SBA ISSUE IMPENDING, ARTISTS SIGNED
SBA Sterling Ltd., a private Cayman Islands registered company which late last year created a $3-billion incubator fund for contemporary art related start-ups will announce before the end of the year it has received signed confidentiality agreements from “dozens” of “significant and well-known” artists and collectors. It is believed that the European Commission, Europe’s competition watchdog, will give a favourable review to SBA’s proposal of an integrated art market company now that Arnaud Desprès, long time Chair of the Commission has resigned to assume a position as technical advisor with SBA. Lauren Wei-Cheng, spokeswoman for SBA said: “Market consolidation is necessary to clarify the rules for market expansion.”

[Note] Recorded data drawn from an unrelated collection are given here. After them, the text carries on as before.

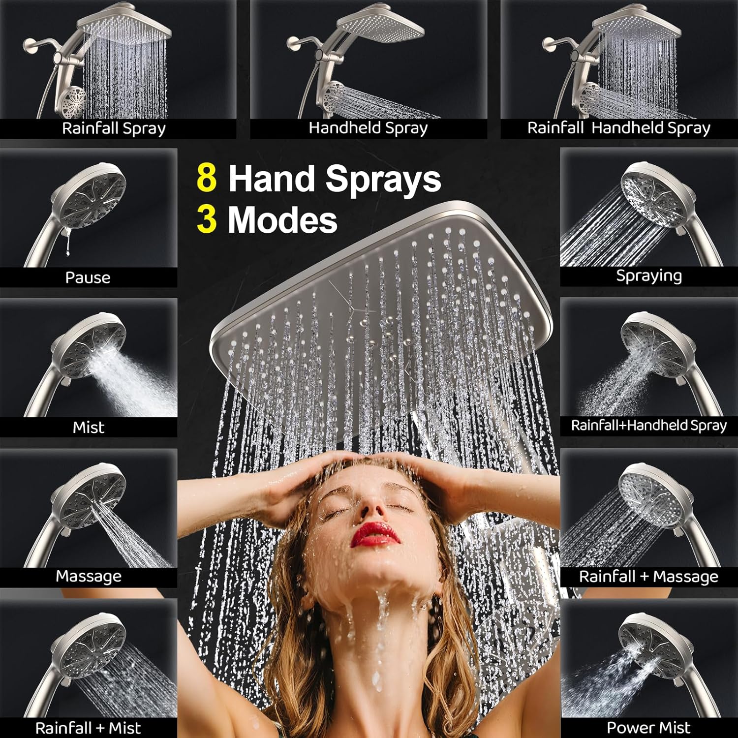 - Effortlessly switch between the immersive rainfall shower head for full-body relaxation and the focused high pressure handheld shower head for targeted cleaning or invigorating massage. Two showers in one for the ultimate convenience
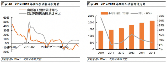 需求方面有所改善:受益货币政策宽松、房贷利率下行、部分城市变相放松“限购”或减免契税,2012 年下半年商品房单月销售面积增速转正,楼市热度逐步回升,2012 年商品房销售面积、销售额分别同比增长1.8%、10.0%,2013 年进一步升至17.3%、26.3%。此外2012-2013 年乘用车销售增速走高,带动玻璃下游需求逐步改善。
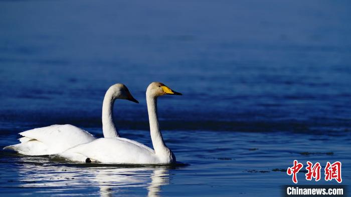 資料圖:天鵝在青海省海西州巴音河上游弋。 巴圖納生 攝
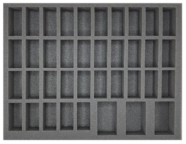 1 inch (25 mm) thick tray with 35x 1 1/4 x 2 1/2 inch (31 x 64 mm) cut outs and 3x 1 3/4 x 3 inch (44 x 76 mm) cut outs.
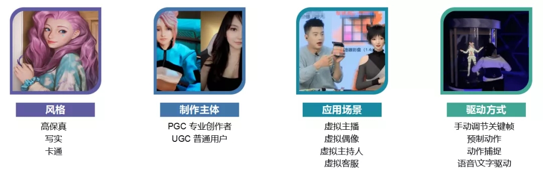 對于虛擬人的技術(shù)分類,我們可以從風(fēng)格、創(chuàng)作主體、應(yīng)用場景、驅(qū)動方式幾個方面進行了解:
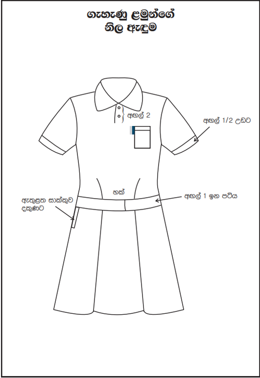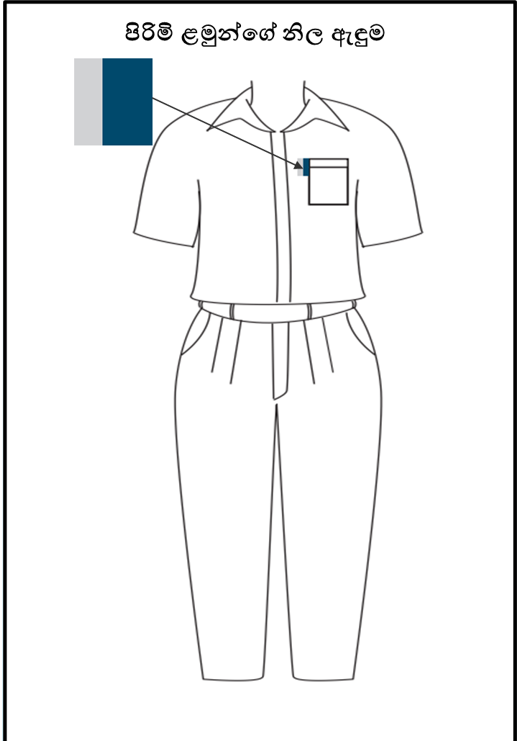 - සාක්කුවෙහි දකුණු පස ඉහළ කෙළවරෙහි පිටතට සිටින සේ පාසල් වර්ණ පටිය (COLOUR BAND) මැසිය යුතුය.

Unprecedented interest in contemporary art continues to be the overwhelming reason financial experts are betting on the success of companies such as SBA. One insider who preferred to remain anonymous argued that “Issues and content do not count for very much today as perhaps they once did.” Instead, he promoted the idea that the increasing “spectacularity” of contemporary art means a new era for art, one that will submit the art world to the disciplining affects of internationally defined financial ground rules. Moreover, he argued that the art world needs to become democratized and that will happen once companies such as SBA become publicly listed. “Let’s be honest about it, for too long the art market has been a shill game masquerading as a scientific system of a moral dimension.”
Competitive plans for other art related companies are already afoot. One such start-up is NewArtStar, Inc., of Miami, Florida, which will concentrate on unknown artists and build a branding plan around their contract artists. Interested and potential collectors are reportedly signed through tie-in clauses. Company president Anthony Tonel, the ideas architect behind pop singer Mariah Carey and the Tommy Hilfiger fashion label, is apparently negotiating with several museums in Asia about “advanced placements.” Mr. Tonel said art companies should play a more active role in shaping the future of the art industry.
“I think we have to do everything we can to give countries such as Burma and The Philippines as much leverage as possible to compete globally and contemporary art is still a cheap way of building up leverage. We just want to add fairness to the way art history is made.”